* [Provided material]:
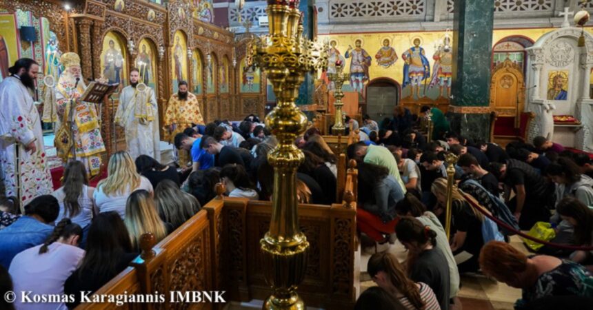 Στο τέλος της Θείας Λειτουργίας, κατά την οποία εκκλησιάστηκε πλήθος μαθητών, μαθητριών και γονέων, ο Σεβασμιώτατος Μητροπολίτης μας κ. Παντελεήμων ανέγνωσε ειδική ευχή και ευχήθηκε πατρικά σε όλους καλή επιτυχία αναφέροντας μεταξύ άλλων: Ὅπως κάθε χρόνο ἔτσι καί φέτος ἡ Ἐκκλησία μας ἀναγνωρίζοντας τήν ἀγωνία καί τήν ἀνησυχία σας γιά τίς ἐξετάσεις καί ἰδιαιτέρως γιά τίς Πανελλήνιες καί θέλοντας νά σᾶς συμπαρασταθεῖ ἀλλά καί νά σᾶς ἐνισχύσει καί νά σᾶς βοηθήσει στήν προσπάθειά σας, ἀφιέρωσε τήν ἑσπερινή αὐτή θεία λειτουργία εἰδικά γιά σᾶς, τούς μαθητές καί τίς μαθήτριες, πού θά διαγωνιστεῖτε αὐτές τίς ἡμέρες.
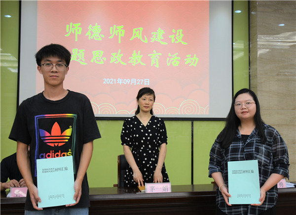 接着茅校长为电信系、财贸系两位新入职教师赠送师德师风学习资料,鼓励新入职教师加强思想政治教育与师德师风建设学习。
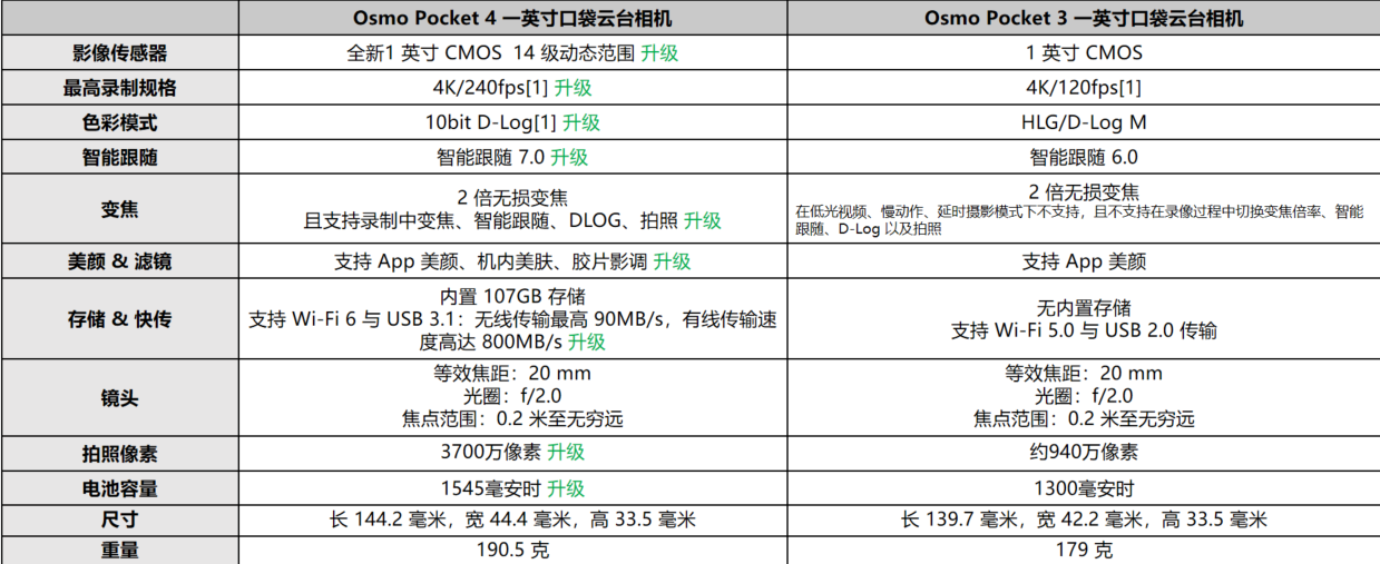 Pocket 4搭载全新1英寸传感器,在4K/60fps和4K/30fps分辨率选项下支持14挡动态范围。
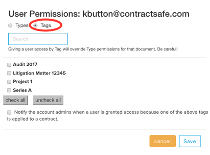 Admin - These power users can do it all - manage users, access every contract, and customize your entire ContractSafe setup with folders, tags, custom fields, and views.
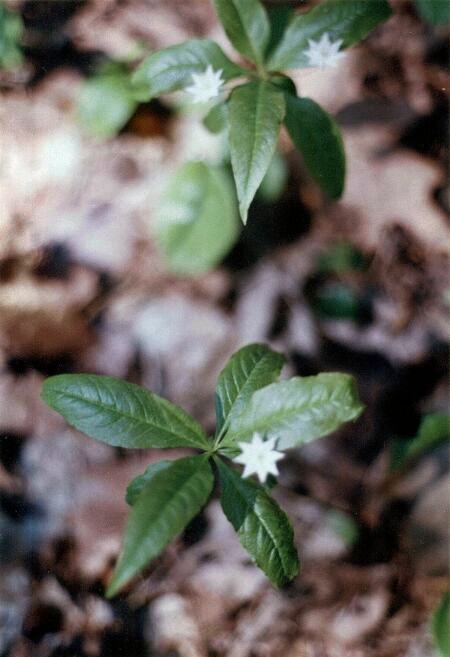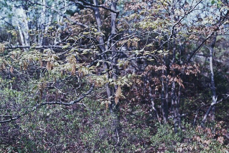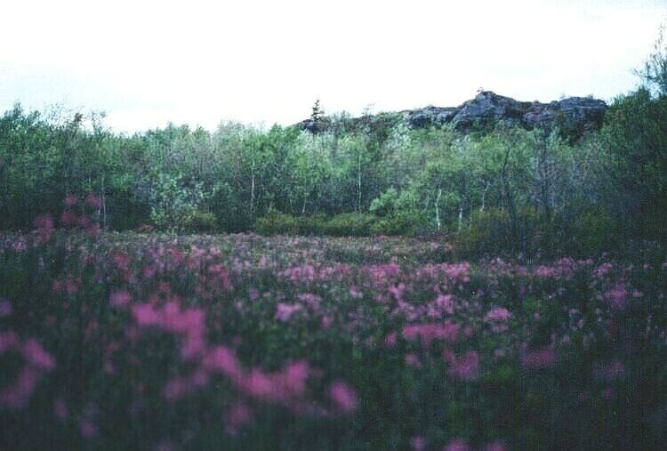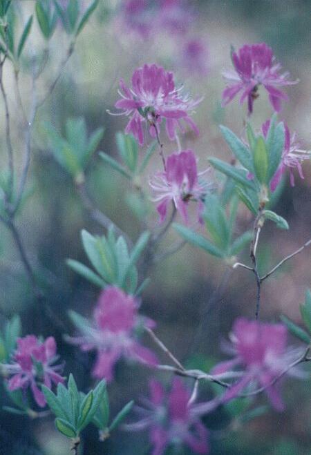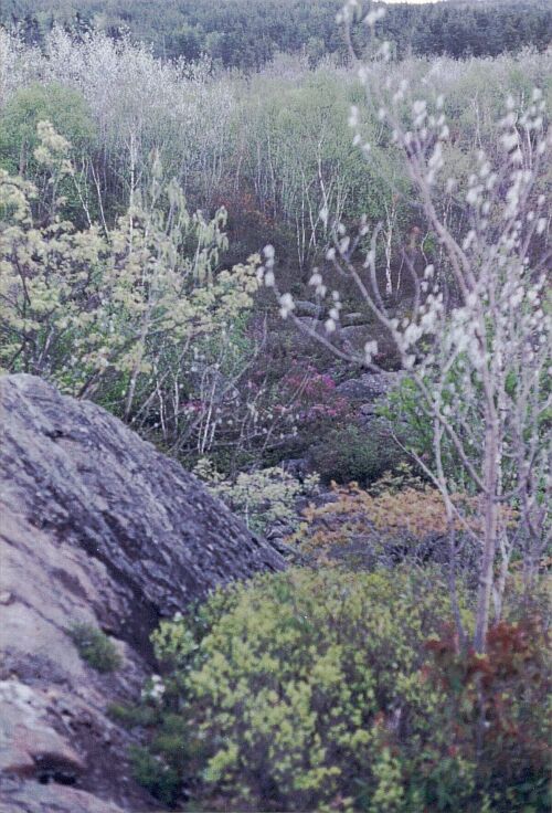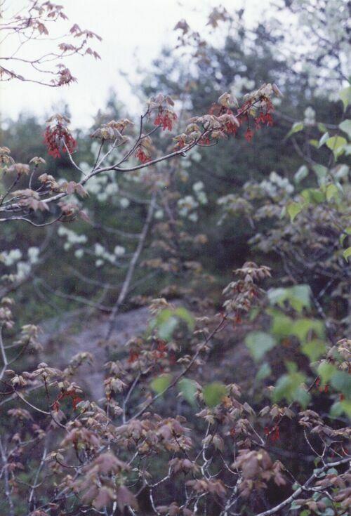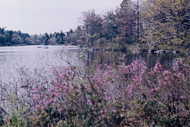 May 25 Dingle - Frog Pond - Jollimore - Williams Lake - Ridge south of Williams Lake - Colpitts Lake - Spryfield | Entering the Dingle to look at the spring vegetation, we go up on to a height of land and see a large-toothed aspen, with young leaves and catkins. On the ground there are flowering blueberry plants and wild lily-of-the-valley. On our way down from the height of land, we see an oak tree with catkins. On lower ground we find pink lady's slipper orchids and starflowers, as well as bunchberry flowers. At the Frog Pond we find a small amount of watercress blooming. A patch of rhodora is growing next to the Frog Pond, as are Clintonia flowers. In Jollimore we find some particularly fine rhodora blossoms. We are also delighted by a large patch of rhodora in a bog at Jollimore. Continuing past the eastern end of Williams Lake to the ridge on the south side, we encounter still more rhodora growing near the top of the ridge. Further along the ridge we have a beautiful view of a diversity of spring vegetation as we look towards the south. Also very beautiful are these red maple keys growing amidst other vegetation on the ridge. Leaving the ridge, we reach the west end of Williams Lake, and walk along the stream that flows in from Colpitts Lake. We pass this fresh green fern growing near the stream. We reach the north end of Colpitts Lake, and on our way to Spryfield we find these bluets on the path. |

* [What the task requires]:
Quote the records above exactly, from the first line through the line containing "Admin - These", and leave out the pictures.

* [Exercise response]:
 Στο τέλος της Θείας Λειτουργίας, κατά την οποία εκκλησιάστηκε πλήθος μαθητών, μαθητριών και γονέων, ο Σεβασμιώτατος Μητροπολίτης μας κ. Παντελεήμων ανέγνωσε ειδική ευχή και ευχήθηκε πατρικά σε όλους καλή επιτυχία αναφέροντας μεταξύ άλλων: Ὅπως κάθε χρόνο ἔτσι καί φέτος ἡ Ἐκκλησία μας ἀναγνωρίζοντας τήν ἀγωνία καί τήν ἀνησυχία σας γιά τίς ἐξετάσεις καί ἰδιαιτέρως γιά τίς Πανελλήνιες καί θέλοντας νά σᾶς συμπαρασταθεῖ ἀλλά καί νά σᾶς ἐνισχύσει καί νά σᾶς βοηθήσει στήν προσπάθειά σας, ἀφιέρωσε τήν ἑσπερινή αὐτή θεία λειτουργία εἰδικά γιά σᾶς, τούς μαθητές καί τίς μαθήτριες, πού θά διαγωνιστεῖτε αὐτές τίς ἡμέρες.
 接着茅校长为电信系、财贸系两位新入职教师赠送师德师风学习资料,鼓励新入职教师加强思想政治教育与师德师风建设学习。
 Pocket 4搭载全新1英寸传感器,在4K/60fps和4K/30fps分辨率选项下支持14挡动态范围。
 Admin - These power users can do it all - manage users, access every contract, and customize your entire ContractSafe setup with folders, tags, custom fields, and views.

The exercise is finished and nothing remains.